Полковник дослуживал день. Под вечер душа его теплела и размягчалась, делаясь глиняной: он думал, что вот прожил потихоньку еще один день. Походив по красной, похожей на лампасы, ковровой дорожке, которая расстилалась во весь кабинет, от его твердолобого стола прямо под порожек, он решил заняться гимнастикой — отжался торопливо три раза от пола и, вздохнув с облегченьем, прилег на больничного образца кушетку, задумался.

В служебном кабинете царили голодное напряжение и пустота, будто это была огромная мышеловка. Кроме стола, стула, ковровой дорожки и кушетки в нем имелся еще железный гробовитый сейф, где не хранилось ничего важного. А высоко на стене, так что приходилось задирать голову, висел Его портрет, в ширпотребовской золотушной раме. Временами полковнику мерещилось в этом портрете что-то живое.

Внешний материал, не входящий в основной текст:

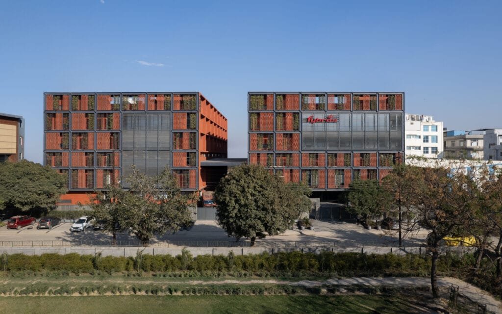 Every building tells a story, not just of structure, but of its soul. With The Twin Habitat, designed for Fybros in Sector 63, Noida, Vinod Singhi & Ranju Singhi, Principal Architects at Basics Architects set out to redefine what an industrial space can be. Spread across a 4,440 sq. m site with a total built-up of 1,80,000 sq. ft of warehouse including 36,000 sq. ft of commercial office space, crafted not just for efficiency, but also for well-being. “What began as a brief to build a functional industrial facility evolved into something more meaningful: a nature-embracing, future-ready, user-first habitat that blends the rugged spirit of industry with the calm, restorative rhythm of nature”, shares Vinod.
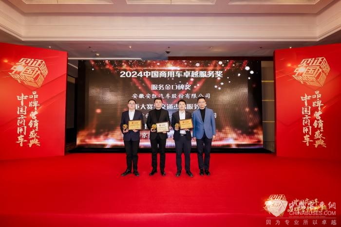 在2024中国商用车品牌营销盛典上,安徽安凯汽车股份有限公司荣获“服务金口碑奖”,中车时代电动汽车股份有限公司获颁“重大赛事交通杰出服务奖”,南京依维柯汽车有限公司则摘得“售后服务标杆品牌”殊荣,这些企业凭借卓越服务,树立行业典范,有效提升了品牌影响力。而厦门金龙联合汽车工业有限公司则荣获“卓越品牌塑造金奖”,成为本届盛典“卓越传播奖”唯一得主,其品牌塑造与传播实力可见一斑。

Совершенно так, как бывало с ним на рыбалке, когда он часами глядел на сглаженную покойную воду, но вдруг ее гладь начинала двигаться, уплывать. Полковник читал газеты и доклады с очками, но отчетливо, до рези в глазах, различал все далекое, начиная стареть. И его кольнуло, когда в конце рабочего дня, глазея бесцельно вповалочку на портрет, увидал он неожиданно сидящую на Его щеке муху, что делала изображение бездвижным и чужим, отчего и пребывать в пустом кабинете стало тягостно. Почти жутко.

И полковник встал и уже не сводил с портрета глаз, прохаживаясь неуклюже по дорожке. Муха так и сидела. Тогда он испереживался, свернул в хлопушку нечитанную еще с самого утра газетку, и полез к портрету, взобравшись на стул. Его роста и высоты стула хватило только для того, чтобы хлопнуть по раме. Но сколько полковник ни хлопал, сотрясая пыльный портрет, эта муха ничего не боялась и не улетучивалась с Его щеки. Приподнятый на стуле полковник мог разглядеть без очков только чернильной формы пятно. Сползая на пол, он уже подумывал, что обознался: так точно, на портрете имело место похожее на родинку темное пятно!

Мысль о том, что он углядел на Его щеке родинку, даже приятно закружила полковнику голову. Еще он отметил про себя, что открытие не было бы совершено, не полезь он на стену — никто другой в их штабе, небось, не изловчился… Но стоило спуститься и взглянуть издалека на портрет, как полковник опять увидал эту муху, вплоть до крылышек — и тогда нешуточно рассердился.

Вооружившись очками, заткнув хлопушку в карман брюк, он принялся сооружать у стенки нехитрую пирамиду: двинул через весь кабинет казавшийся неподъемным стол, водрузил стул. И полез штурмовать, набравшись со злости и духу, и сил, так что мигом очутился лицом к лицу с Ним и прицеливался, нахлобучив очки, то ли на прицел ее взяв, то ли под лупу — муху.

Злость в нем сменялась холодным расчетом. Требовалось уничтожить муху, но никак не повредить портрет. Вспугнуть ее полковнику страсть как не хотелось и он весь изнывал, когда замахивался неудобно газетенкой. Тут требовался хладнокровный бесстрашный удар. И полковник не промазал, но, опустошаясь душой, постиг, что ударил по сухарю: из-под газетки разлетелась от мухи только перхоть и кашлянула с портрета долголетняя пыль… Как раз в тот миг шумно распахнулась дверь и на пороге выросла хозяйская осанистая фигура начальника, толкнуть которого в этот неприметный кабинет мог только раздававшийся внутри, подозрительно громкий шум. Полковник был застигнут начальником врасплох, на месте преступления: взобрался он на стену и замахивался дико не на что-нибудь, а на Него, задумав с Ним что-то сотворить.

«Что-о-о?!» — раздался грозный испуганный окрик. И вот задрожали у полковника ноженьки, завертелось веретено в башке. Еще имелась последняя возможность, доложить правду, чтобы хоть остаться в целых — и он залепетал, едва удерживаясь под потолком: «Муха залетела… Никак не мог… Согнать…» Начальник обжигал взглядом, будто льдом. И по взгляду этому морозному полковник замертво вспомнил то, чего и позабыть-то нельзя: что это был зимний день, за оконцем мглисто серебрился зимний воздух, месяц был январь, и еще утром шагал он по хрусткому морозному снежку.